Today's signal Anthropic built an AI model so dangerous it refused to release it. Claude Mythos Preview can autonomously find and exploit zero-day vulnerabilities in every major operating system and web browser. Instead of shipping it, Anthropic called Apple, Google, Microsoft, and nine other tech giants to form Project Glasswing — a coordinated effort to patch the internet before attackers build something similar.

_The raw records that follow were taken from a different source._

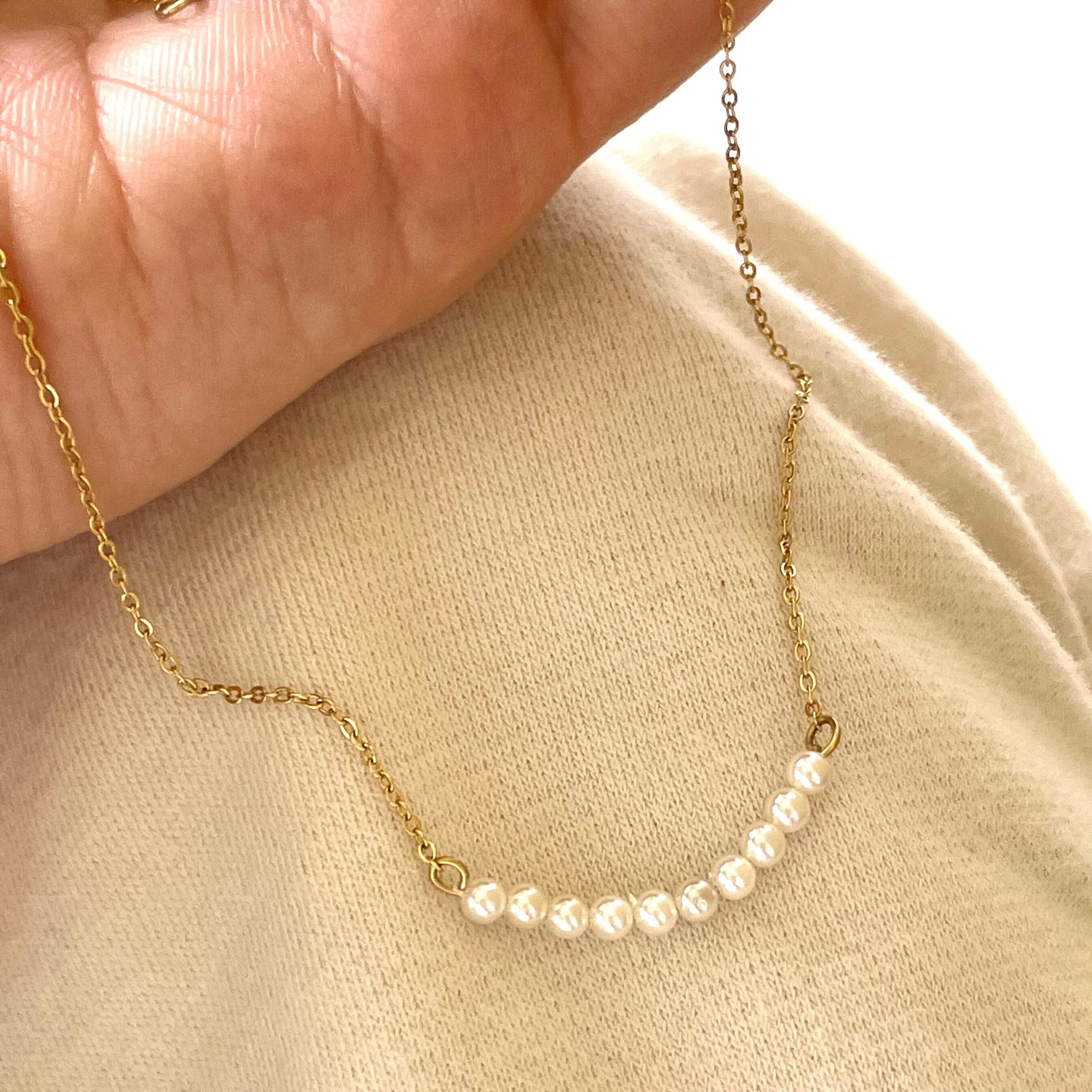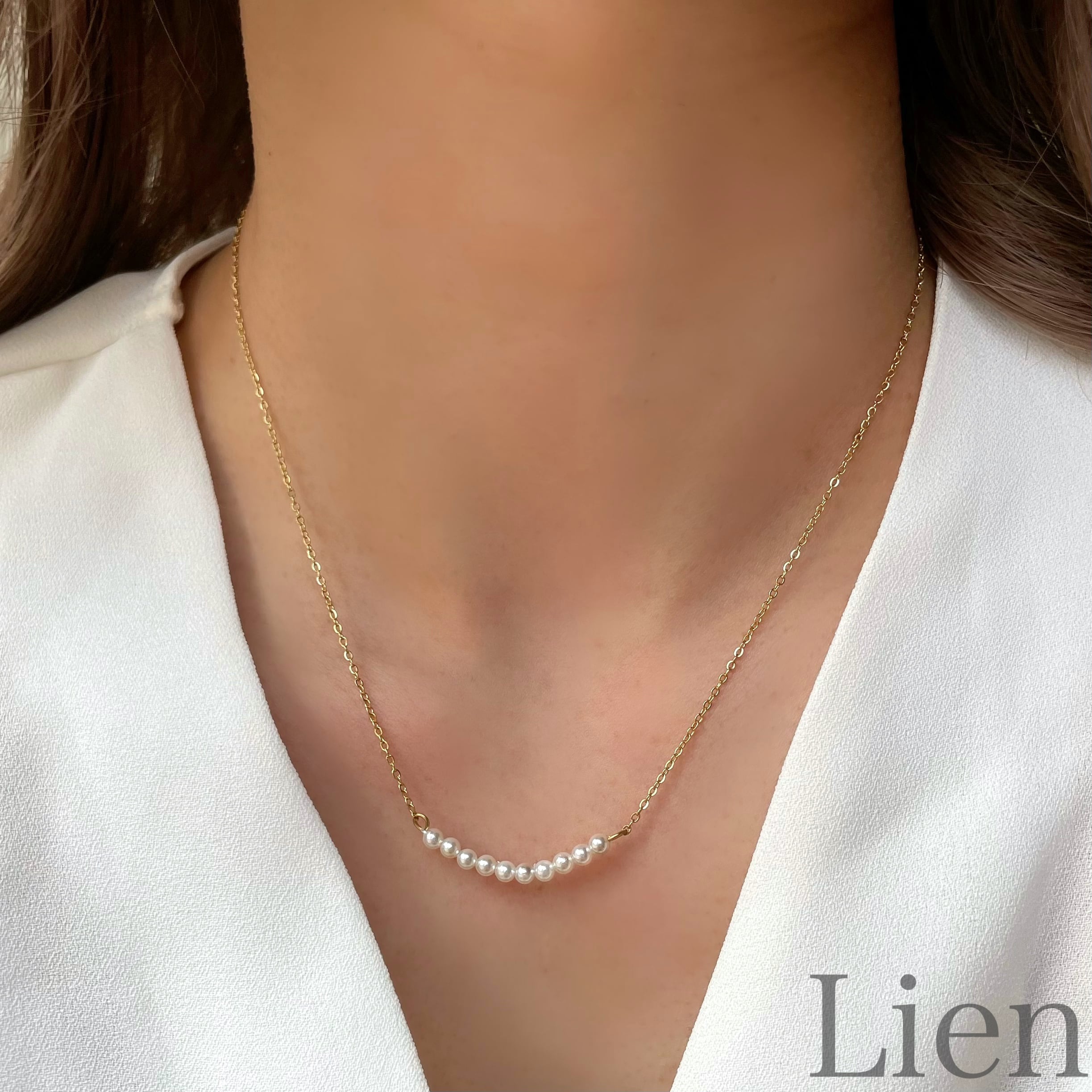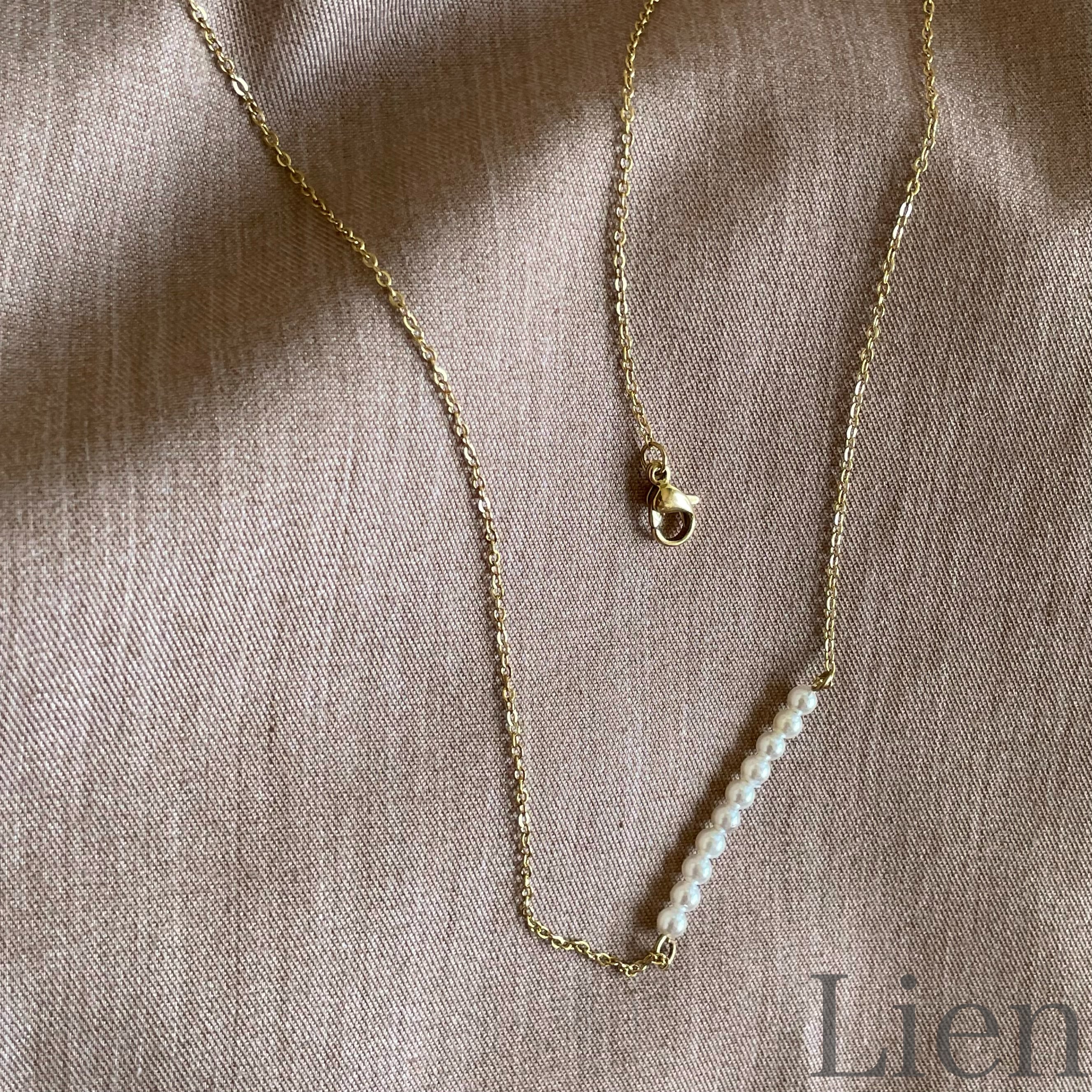 2way 華奢見え バーモチーフ パール ビーズ あずきチェーン ネックレス◆つけっぱなし!OK 316L サージカルステンレス Lien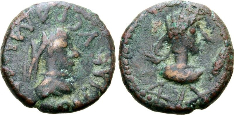 - Бюст императора вправо, справа «палица», внизу год ΔΙΧ (614 г. б. э.)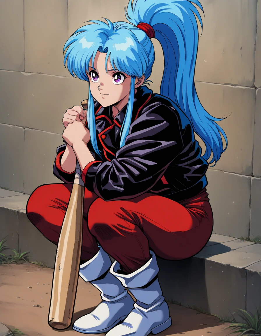 weapon, boots, white footwear, baseball bat, holding baseball bat, jacket, pants, red pants, outdoors, holding, black jacket, wall,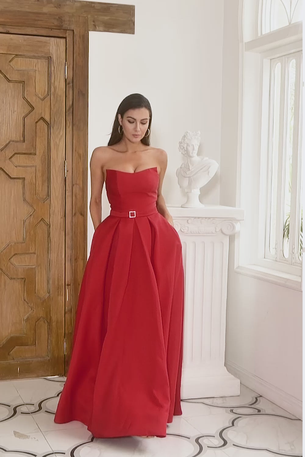 A-linje Axelbandslös röd lång Balklänning med delad front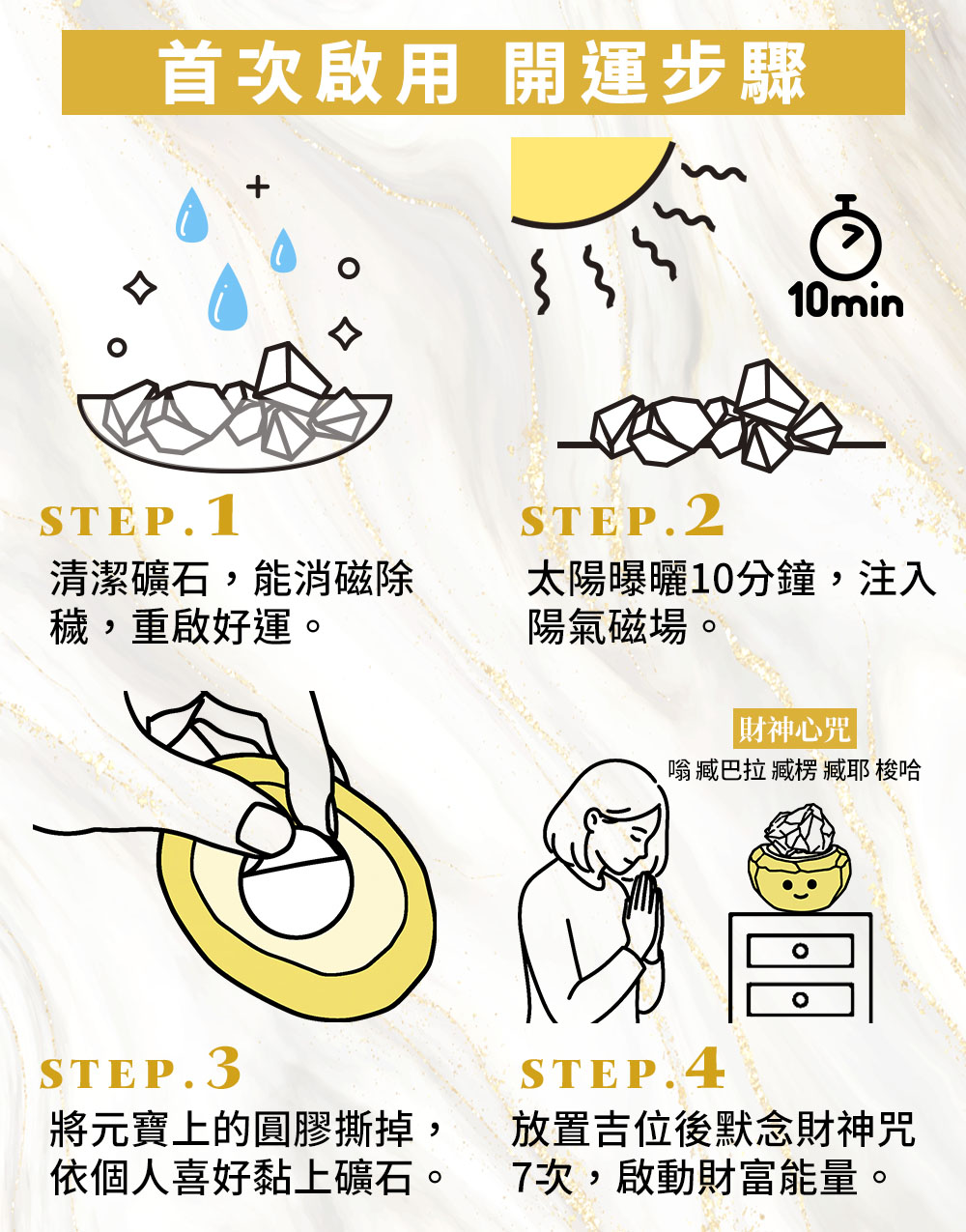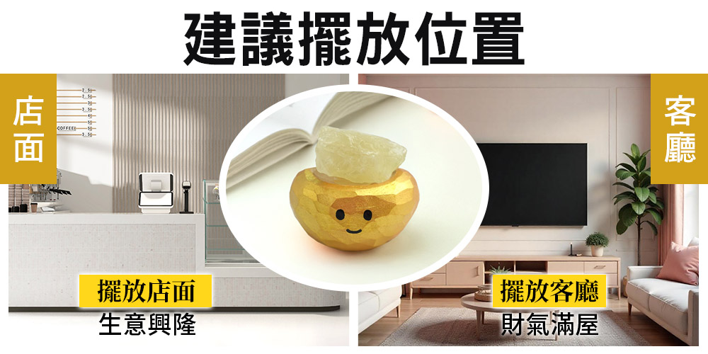 木雕元寶承載黃水晶原礦,像一座小型聚寶台,將散落的財氣慢慢「收進來」。黃財神心咒穩穩鎮在底部,低調不張揚,卻讓你的正偏財運一路加分。擺放在玄關迎財、客廳聚財、辦公桌強運,療癒的笑臉每日看了都舒心,讓看得見的美感,與看不見的好運,同步到位。招財黃晶元寶寶專為「催發財機、引財入庫」而生。黃水晶礦石匯聚八方財氣、化解破財與漏財煞、穩固財庫;元寶造型象徵財寶入庫且底部暗藏黃財神心咒,寓意財神護持、好運加乘。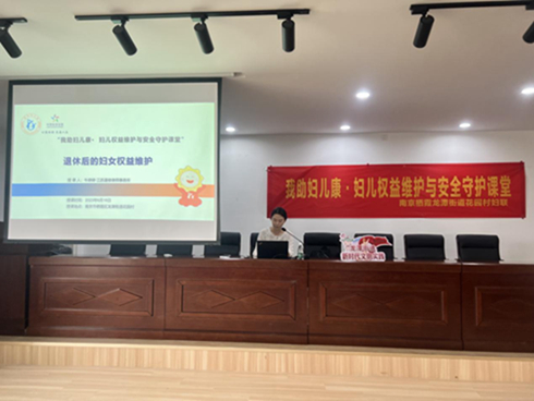 6月16日,南京市棲霞區(qū)龍?zhí)督值阑▓@村婦聯開展“我助婦兒康·婦兒權益維護與安全守護課堂”。本次活動邀請了江蘇漫修律師事務所的牛婷婷律師為轄區(qū)婦女群眾進行“退休后的婦女權益維護”相關法律知識的普及。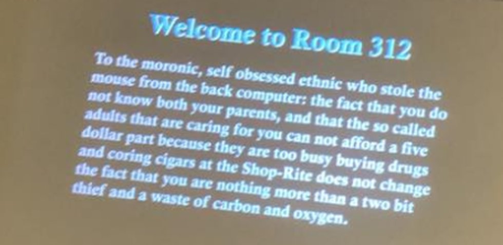 “To the moronic, self obsessed ethnic who stole the mouse from the back computer: the fact that you do not know both your parents, and that the so called adults that are caring for you can not afford a five dollar part because they are too busy buying drugs and coring cigars at the Shop-Rite does not change the fact that you are nothing more than a two bit thief and a waste of carbon and oxygen,” it read.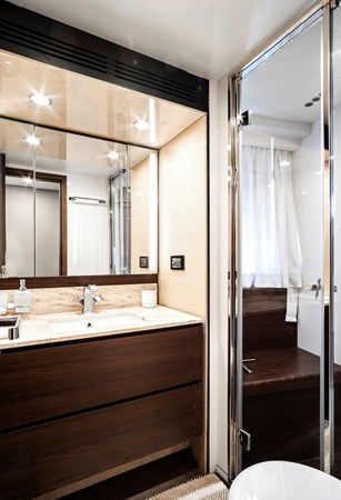 Below deck, four exquisitely finished staterooms—each with an ensuite bath—provide exceptional comfort.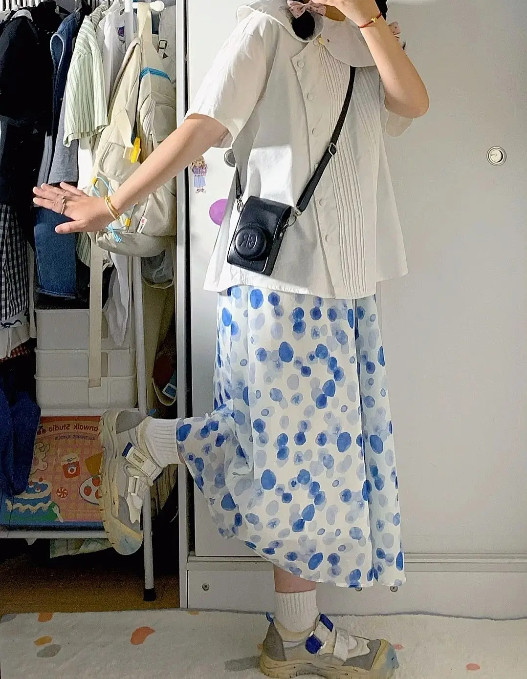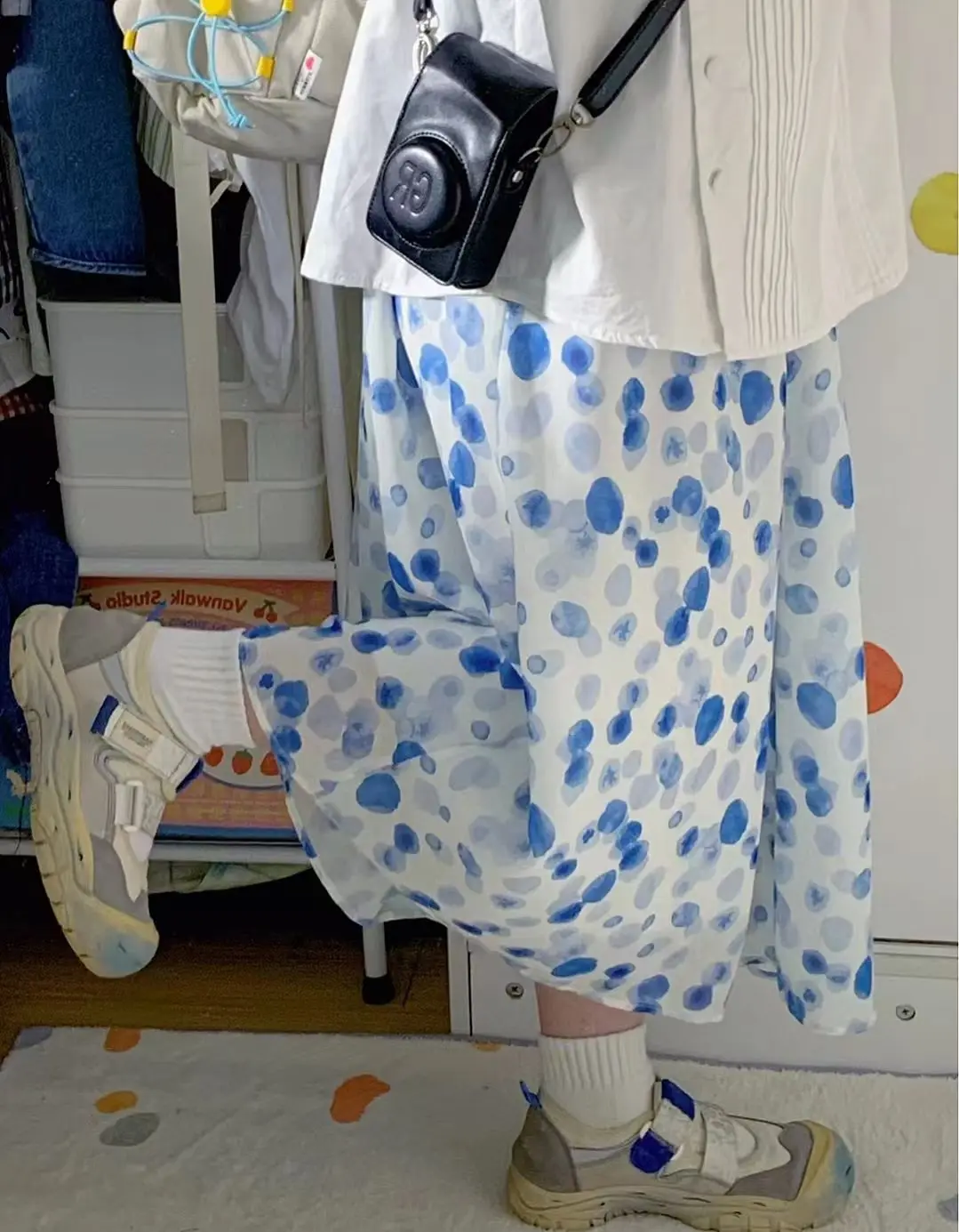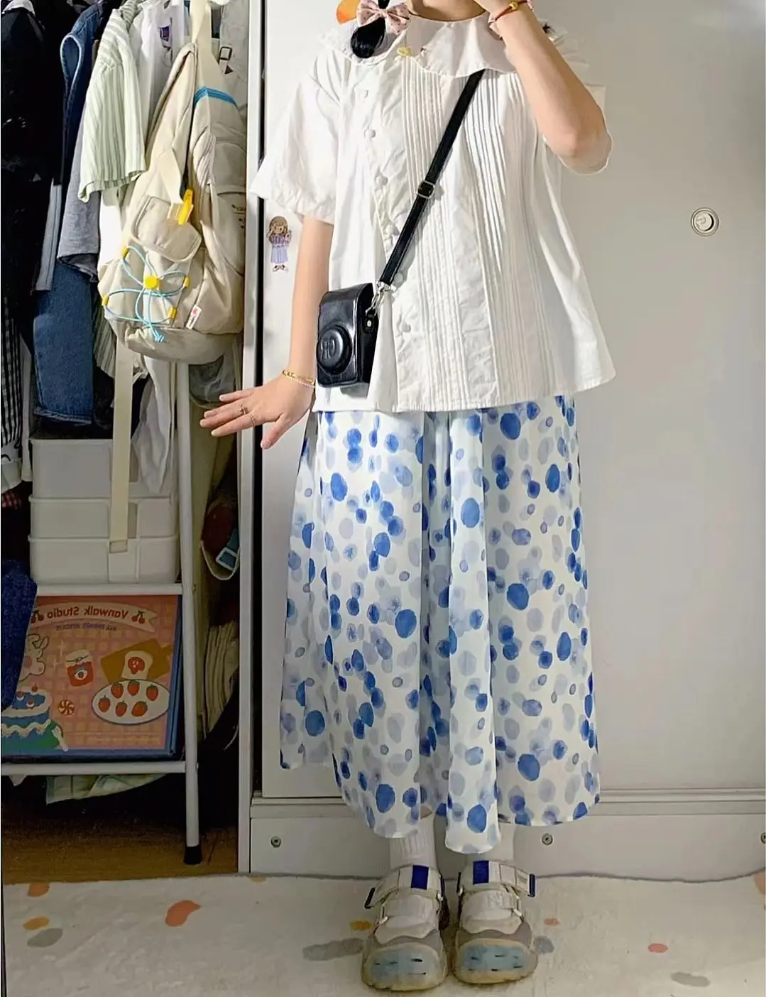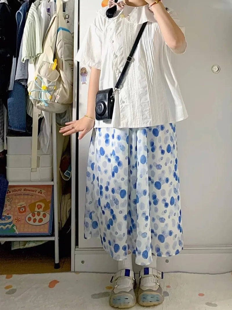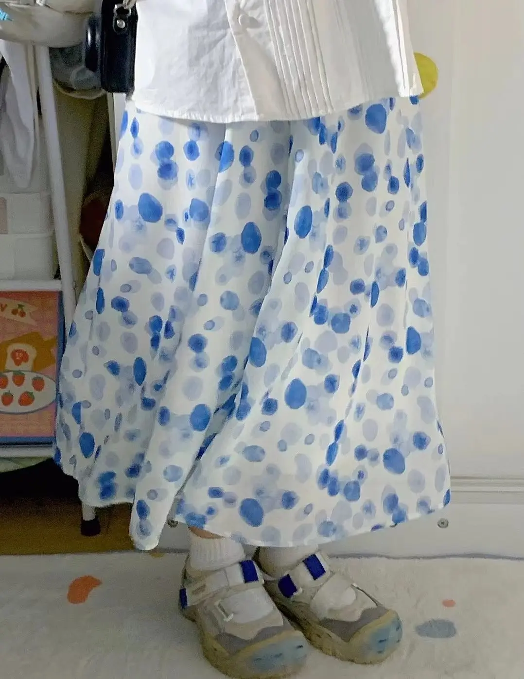 GETADME 블루 일본 하라주쿠 스위트 블렌드 폴카 도트 프린트 하프 스커트 루즈 미디 길이 A라인 여름 스커트 롱 스커트 여성용

Why it matters This is the first time an AI company has voluntarily withheld a model because its offensive cybersecurity capabilities were too powerful. Mythos Preview found thousands of previously unknown vulnerabilities — including bugs that survived 27 years of human review and millions of automated security scans. Its predecessor, Claude Opus 4.6, could barely turn a discovered bug into a working exploit. Mythos does it 72% of the time. The capabilities weren't deliberately trained. They emerged as a side effect of making the model better at coding and reasoning. That's the part that should worry everyone: the next frontier model from any lab could wake up with the same abilities.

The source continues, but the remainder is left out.